Kaiserpinguin mit Jungem in der Antarktis. Foto: Alfred-Wegener-Institut
Von Christian Satorius
So eine Tiermutter hat es auch nicht immer leicht. Mama Blauwal bringt immerhin ein Baby von zwei bis drei Tonnen Gewicht zur Welt. Doch damit nicht genug: Das etwa sieben Meter lange Neugeborene hat mächtig Durst. Bis zu 200 Liter Milch trinkt der kleine Racker – pro Tag wohlgemerkt. Und das sieben Monate lang. Dafür legt er aber auch gut zu, mehr als drei Kilogramm in der Stunde. Das Ganze funktioniert nur so gut, weil die Milch eines Blauwals etwa zehnmal so viel Fett und Eiweiß enthält wie die eines Menschen.

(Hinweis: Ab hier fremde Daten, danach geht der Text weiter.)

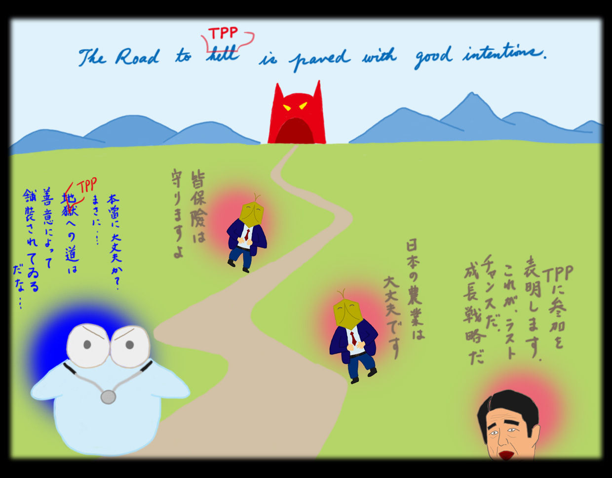 これもすべてTPPのためである。TPPがどんなものなのかは、秘密裏に交渉が進められているので、殆ど表には出て来ない。国民に隠れてこそこそと重要な取り決めを行っているのである。よほど、後ろめたいことなのだろう。まあ、漏れて来る話しを聞いても、なるほど、新自由主義者たちにとっては利権を漁れて喜ばしいものであるが、一般の国民にとって良い事等一つもないと断言できるものだ。

Andere Tiermütter machen es sich da leichter, und zwar im wahrsten Sinne des Wortes. Die Eier, die Mama Mondfisch legt, sind gerade einmal so groß wie ein Stecknadelkopf und wiegen fast gar nichts. Für einen über drei Meter langen Fisch mit mehr als zwei Tonnen Körpergewicht ist das eine leichte Übung, könnte man meinen. Nur leider muss Mama Mondfisch ganze 300 Millionen Stück davon pro Laichvorgang legen. Das schlaucht dann wohl doch ganz schön.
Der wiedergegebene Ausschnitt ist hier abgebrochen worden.